“Het is een geweldige periode, ik heb nog nooit dezelfde vrijheid ervaren, de vrijheid van meningsuiting”, straalde Osama Mufdi, ongelovig zijn hoofd schuddend.
De Syrische ondernemer sprak met Euronews vanuit zijn gloednieuwe kantoor in Damascus, een stad die hij iets meer dan tien jaar geleden moest ontvluchten.
Nu is hij een van de ruim 1 miljoen Syriërs die naar het land zijn teruggekeerd sinds de val van de beruchte dictator Bashar al-Assad na bijna veertien jaar van brute oorlog.

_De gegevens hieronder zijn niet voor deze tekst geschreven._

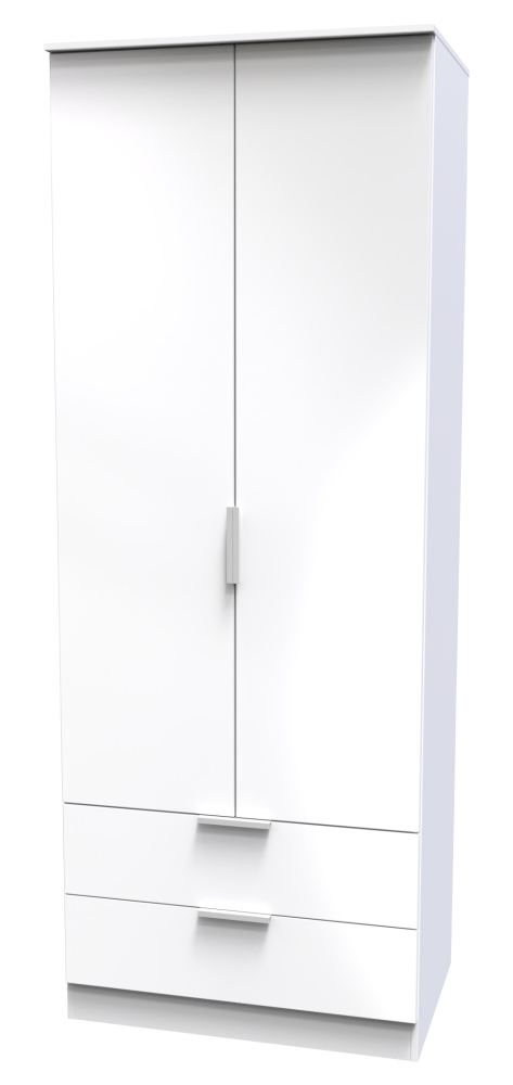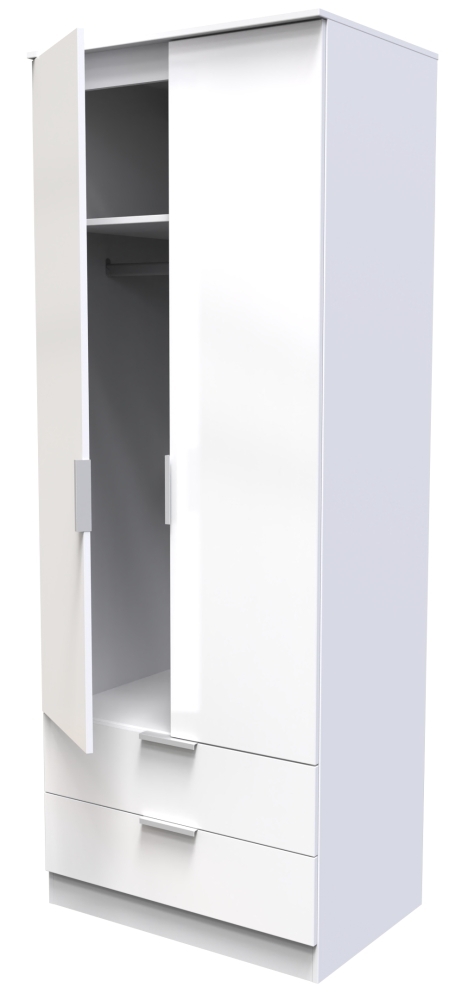 Plymouth White Gloss 2 Door 2 Drawer Tall Wardrobe

Bijna 7 miljoen Syriërs hebben het land sinds 2011 verlaten. Terwijl de meesten naar de buurlanden gingen, gingen ruim 1 miljoen naar Europa.

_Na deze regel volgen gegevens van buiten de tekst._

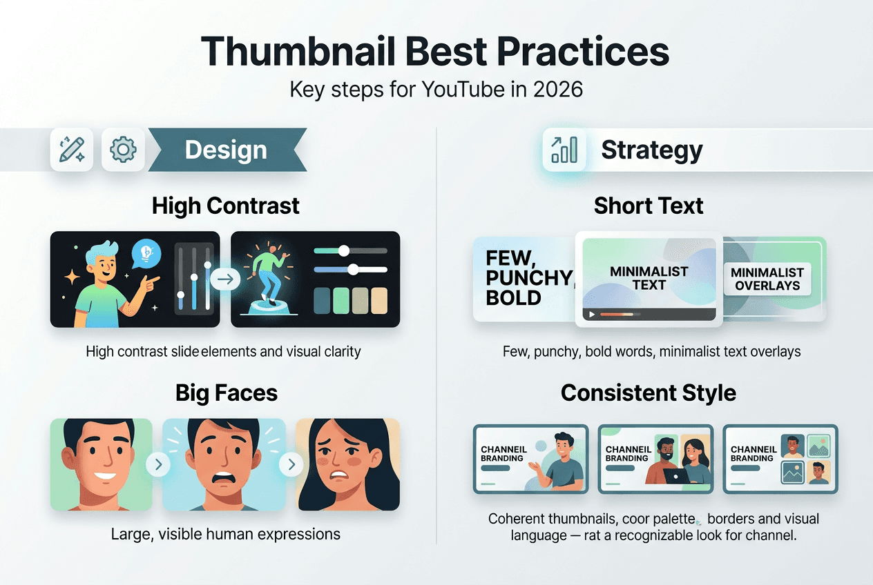 Our YouTube thumbnail tips 2026 resource provides specific examples for each content category with visual comparisons.
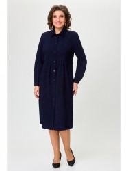 Платье женское полуприлегающего силуэта с втачным рукавом. Застежка на пуговицы на притачных планках. По горловине отложной воротник на отрезной стойке. По переду рельефы от проймы с боковыми карманами. Средняя часть переда со сборкой по линии талии. По спинке средний шов. Рукав длинный, по низу притачная манжета с застежкой на пуговицу.
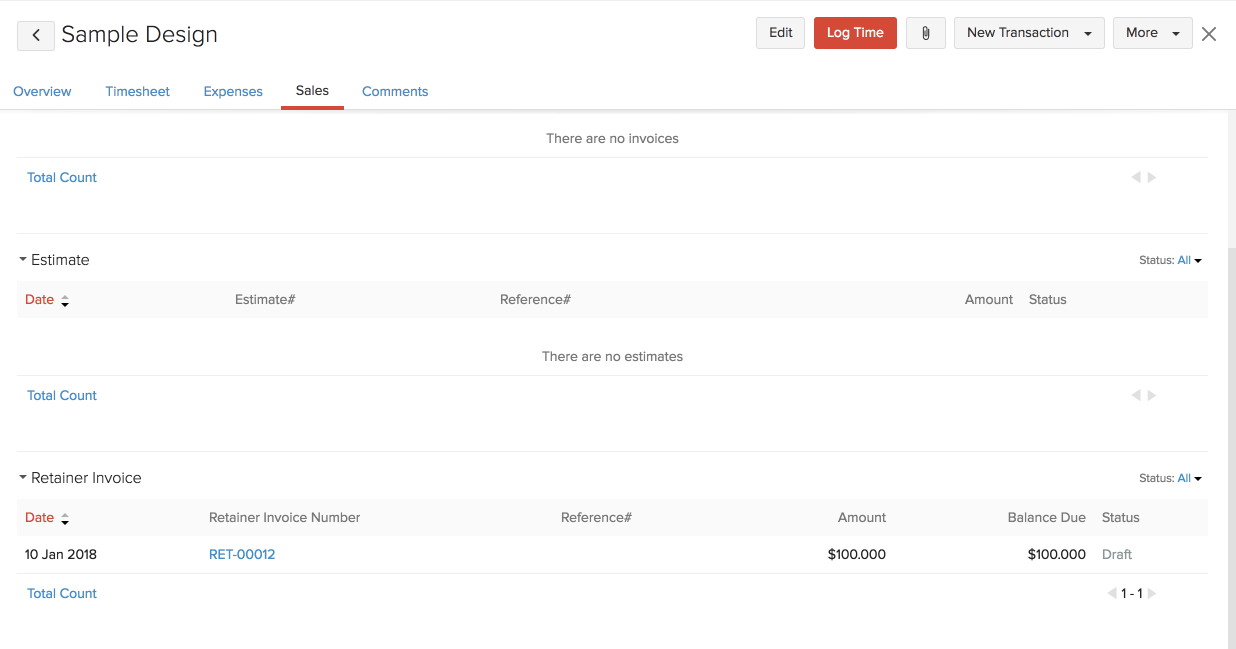 - This retainer invoice created can be seen inside your project dashboard from the Transactions tab by clicking on Filter by and selecting Retainer Invoices from the drop-down.
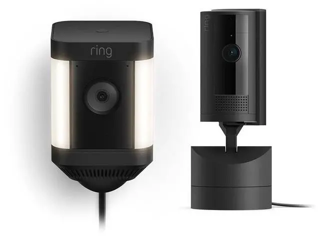 This bundle contains one Ring Pan-Tilt Indoor Cam (Black) and one Ring Spotlight Cam Pro Plug-In (Black).
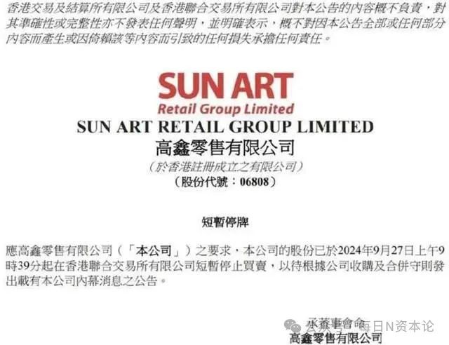 近日,多家媒体报道称,知名超市大润发总公司高鑫零售有限公司(以下简称高鑫零售)以执行董事兼首席执行官沈辉的名义发布公告,称将于9月27日上午在香港证券交易所短暂停牌,以备根据企业收购合并标准发布乘载本公司内幕消息的公告。
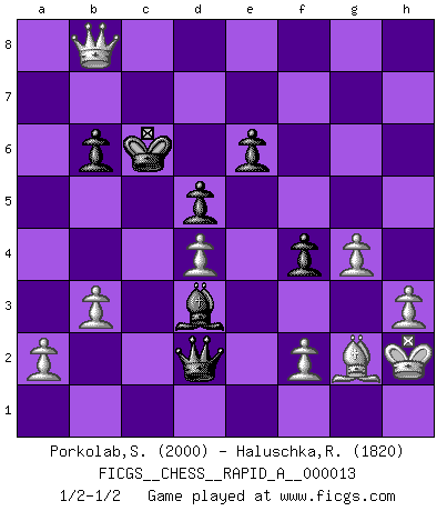Last move : 1/2-1/2 2007 July 2 18:34:13 [Event "FICGS__CHESS__RAPID_A__000013"] [Site "FICGS"] [Date "2007.02.09"] [Round "1"] [White "Porkolab,Sandor"] [Black "Haluschka,Rainer"] [Result "1/2-1/2"] [WhiteElo "2000"] [BlackElo "1820"] 1.Nf3 Nf6 2.g3 d5 3.d4 e6 4.Bg2 Be7 5.O-O Nbd7 6.c4 O-O 7.Qc2 c6 8.b3 b6 9.Bb2 Ba6 10.Nbd2 Ng4 11.Rac1 f5 12.cxd5 cxd5 13.Qc6 Rf6 14.h3 Nh6 15.Ng5 Rc8 16.Qa4 Rxc1 17.Rxc1 Nb8 18.Ba3 Bxa3 19.Qxa3 Nf7 20.Ndf3 Nxg5 21.Nxg5 f4 22.g4 Bxe2 23.Qxa7 h6 24.Rc7 hxg5 25.Rxg7+ Kf8 26.Rh7 Ke8 27.Qg7 Nd7 28.Qxg5 Bd3 29.Rg7 Qc8 30.Rxd7 Kxd7 31.Qg7+ Kd6 32.Qxf6 Qc1+ 33.Kh2 Qd2 34.Qd8+ Kc6 35.Qc8+ Kd6 36.Qb8+ Kc6 37.Qe8+ Kd6 38.Qb8+ Kc6 1/2-1/2 Reti Opening Kingside Castling by player White (move 5) Kingside Castling by player Black (move 6) This chess game ended in a draw. Follow this game move after move (download)On the chessboard, lies and hypocrisy do not survive long. (Emanuel Lasker) Es gibt nur zwei wahre Schachgenies - das andere war Wilhelm Steinitz, der Weltmeister von 1872 bis 1894. (Robert James Fischer) Hasta este punto, las blancas han seguido un análisis bien conocido. Pero ahora el hace un error fatal: empieza a usar su propia cabeza. (Siegbert Tarrasch) Il n'y a pas de prix trop élevé au scalp de l'ennemi. (Koblentz) I take risks, sometimes patients die, but not taking risks causes more patients to die. So I guess my biggest problem is I've been cursed with the ability to do the math. (Gregory House, House M.D.)

Nu nieuwe autoriteiten vanuit Damascus regeren onder interim-president Ahmed al-Sharaa, twijfelen velen of ze zullen terugkeren.
Het initiële rendement ‘een droom’
Eind 2024 leek Syrië in een patstelling te zijn beland, met een mozaïek van milities die de controle hadden over de hoofdstad en ruwweg 70% van het Syrische grondgebied.
“We hadden een punt van teleurstelling bereikt, van het opgeven van het Syrische regime. We hadden het gevoel dat het nooit zou vallen, dat we voor altijd verloren hadden”, zei Mufdi hoofdschuddend.
Hij woonde op dat moment in Liverpool en zag geen terugkeer naar zijn thuisland.
Dit leek echter allemaal te veranderen toen troepen onder een islamitische overkoepelende organisatie genaamd Hayat Tahrir al-Sham op 8 december 2024 een operatie lanceerden die het regime van al-Assad ten val bracht.
Mufdi kon vluchten terug naar Syrië boeken. Binnen enkele dagen na de val van al-Assad was hij terug in Damascus.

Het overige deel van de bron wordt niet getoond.